Facebook to offer its 1.28 billion users a privacy check-up

As well as reviewing users’ privacy settings, status updates from new users will be set to ‘friends’ instead of ‘public’ automatically.

Facebook's privacy settings even have its own (as yet unnamed) dinosaur mascot, should that help convince you to change your settings.
Facebook's privacy settings even have its own (as yet unnamed) dinosaur mascot, should that help convince you to change your settings.

FACEBOOK WILL BE placing a greater focus on users’ privacy settings after the site announced a new set of features designed to show who you’re posting to and what permissions apps have.

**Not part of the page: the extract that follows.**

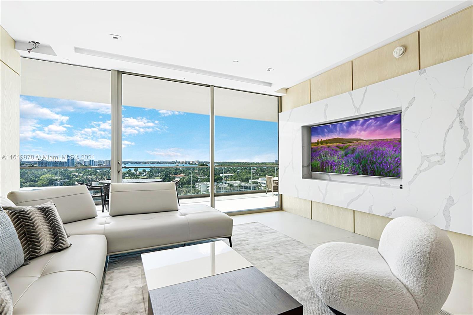 Move right in & enjoy this beautifully hi-end apt designed w/ luxurious architectural details & built ins. Upon arrival, enter a private elevator to the exclusive foyer entrance of this one-of-a-kind unit, offering spectacular sunsets & stunning city & bay views from every room, w/ its expansive 465 SF terrace. Featuring a gourmet kitchen w/ ultra-luxe cabinetry & Gaggenau appliances incl. a fully automated coffee machine. The elegant limestone flrs throughout the unit will lead you to the bedrooms w/ unique custom-built-in design features, the closets - with “showcase” lighting, & to the Master Bath w/ spa-like features. A state-of-the-art built-in Smart TV & home automation system proves that no expense was spared to set this unit apart. Unit includes 3 parking spots(2 self park+1 Valet)

Over the next few weeks, the site will be rolling out what it describes as a “new and expanded privacy checkup tool” allowing users to change the privacy settings, control what apps they use and how much information from their profile is on view to the public.

Those who sign up to Facebook for the first time will have their settings set to friends instead of public automatically and will get a reminder to choose an audience for their first post.

In a statement, Facebook said “we recognize that it is much worse for someone to accidentally share with everyone when they actually meant to share just with friends, compared with the reverse.”

Other privacy settings include anonymous login, a feature which was announced during Facebook’s developer conference f8 and allows users to access apps anonymously, a more visual audience selector on mobile, and reminders to show who will see their post before they publish it

The site is also introducing a redesigned app dashboard, allowing users to control the apps they use, manage permissions, or remove them entirely.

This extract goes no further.